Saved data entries
>>>>

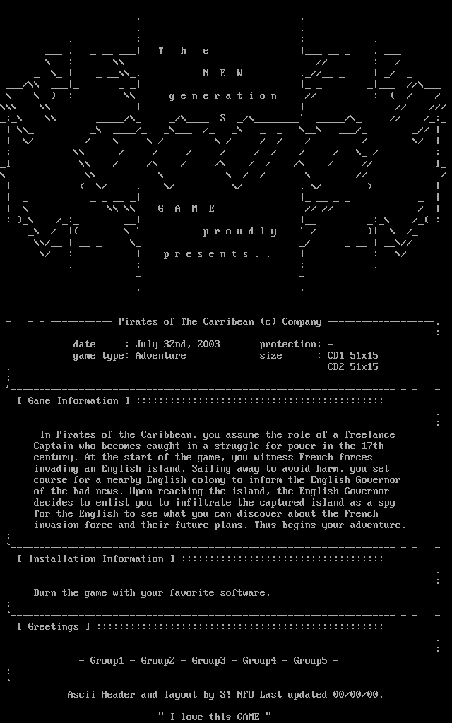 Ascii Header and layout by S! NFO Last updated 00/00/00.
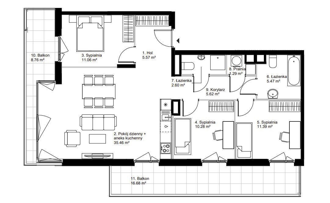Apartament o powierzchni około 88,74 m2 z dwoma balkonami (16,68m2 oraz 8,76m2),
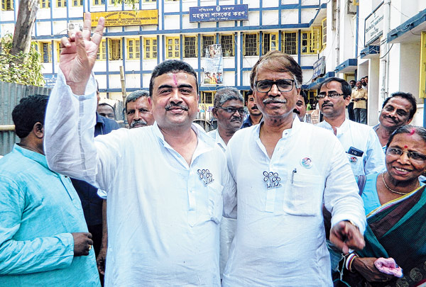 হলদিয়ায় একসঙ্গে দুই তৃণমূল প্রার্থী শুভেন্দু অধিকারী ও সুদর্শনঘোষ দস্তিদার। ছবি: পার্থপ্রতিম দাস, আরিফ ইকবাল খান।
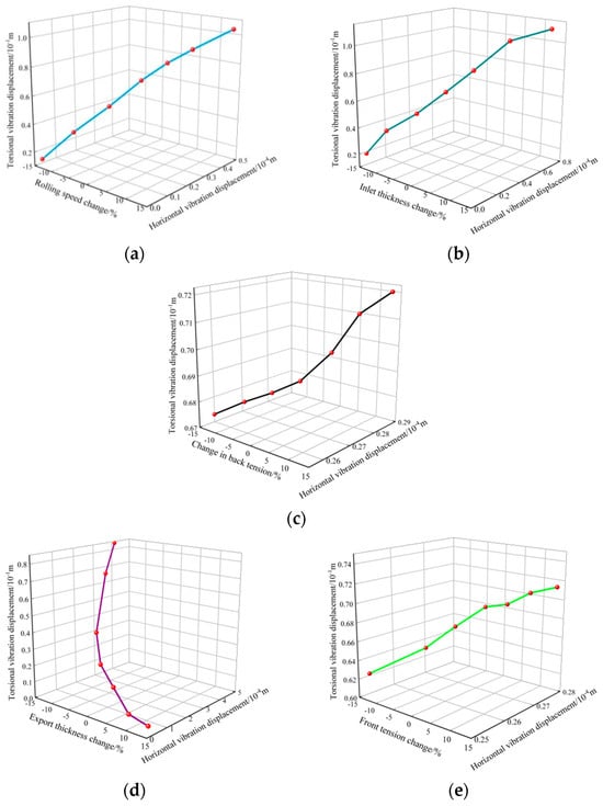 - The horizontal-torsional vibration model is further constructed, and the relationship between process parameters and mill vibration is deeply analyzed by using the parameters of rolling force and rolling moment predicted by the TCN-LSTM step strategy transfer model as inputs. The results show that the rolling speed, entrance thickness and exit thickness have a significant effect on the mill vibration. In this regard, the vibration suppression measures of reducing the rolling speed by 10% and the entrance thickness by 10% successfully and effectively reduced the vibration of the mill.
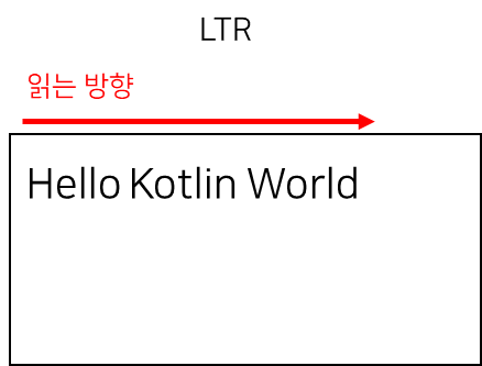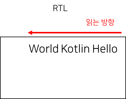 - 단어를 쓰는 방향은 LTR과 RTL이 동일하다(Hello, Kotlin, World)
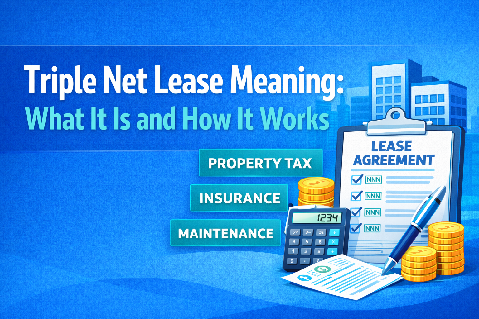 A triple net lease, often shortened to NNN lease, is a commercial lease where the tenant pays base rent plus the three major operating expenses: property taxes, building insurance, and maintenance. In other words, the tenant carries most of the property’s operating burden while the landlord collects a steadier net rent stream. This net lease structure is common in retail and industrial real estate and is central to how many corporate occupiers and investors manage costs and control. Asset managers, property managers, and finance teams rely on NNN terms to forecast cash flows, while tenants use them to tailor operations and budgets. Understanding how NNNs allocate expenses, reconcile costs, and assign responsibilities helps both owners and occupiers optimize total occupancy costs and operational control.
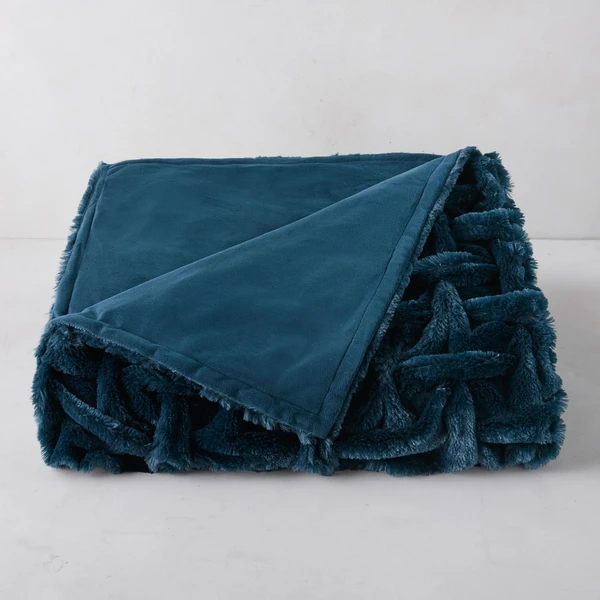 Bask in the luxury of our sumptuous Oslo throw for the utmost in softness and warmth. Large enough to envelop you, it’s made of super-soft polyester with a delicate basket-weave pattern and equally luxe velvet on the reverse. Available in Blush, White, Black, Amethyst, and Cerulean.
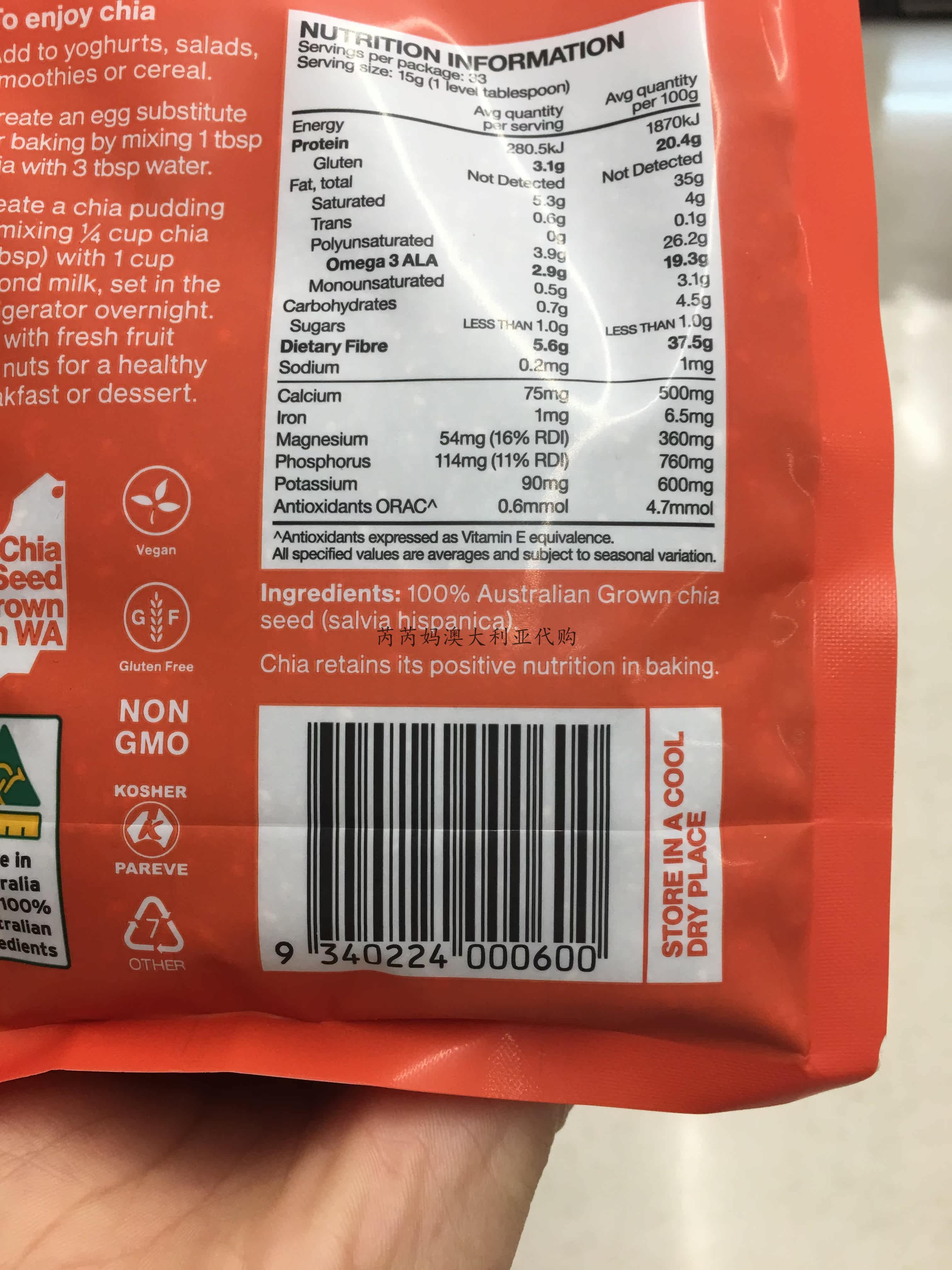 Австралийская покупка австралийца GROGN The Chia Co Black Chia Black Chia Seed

<<<<

PROMPT:
Exactly the lines from the top of the entries through the line with "- 단어를 쓰는 방향은", inclusive, must be given again, with every picture omitted.

SOLUTION TO THE EXERCISE:
 Ascii Header and layout by S! NFO Last updated 00/00/00.
Apartament o powierzchni około 88,74 m2 z dwoma balkonami (16,68m2 oraz 8,76m2),
 হলদিয়ায় একসঙ্গে দুই তৃণমূল প্রার্থী শুভেন্দু অধিকারী ও সুদর্শনঘোষ দস্তিদার। ছবি: পার্থপ্রতিম দাস, আরিফ ইকবাল খান।
 - The horizontal-torsional vibration model is further constructed, and the relationship between process parameters and mill vibration is deeply analyzed by using the parameters of rolling force and rolling moment predicted by the TCN-LSTM step strategy transfer model as inputs. The results show that the rolling speed, entrance thickness and exit thickness have a significant effect on the mill vibration. In this regard, the vibration suppression measures of reducing the rolling speed by 10% and the entrance thickness by 10% successfully and effectively reduced the vibration of the mill.
 - 단어를 쓰는 방향은 LTR과 RTL이 동일하다(Hello, Kotlin, World)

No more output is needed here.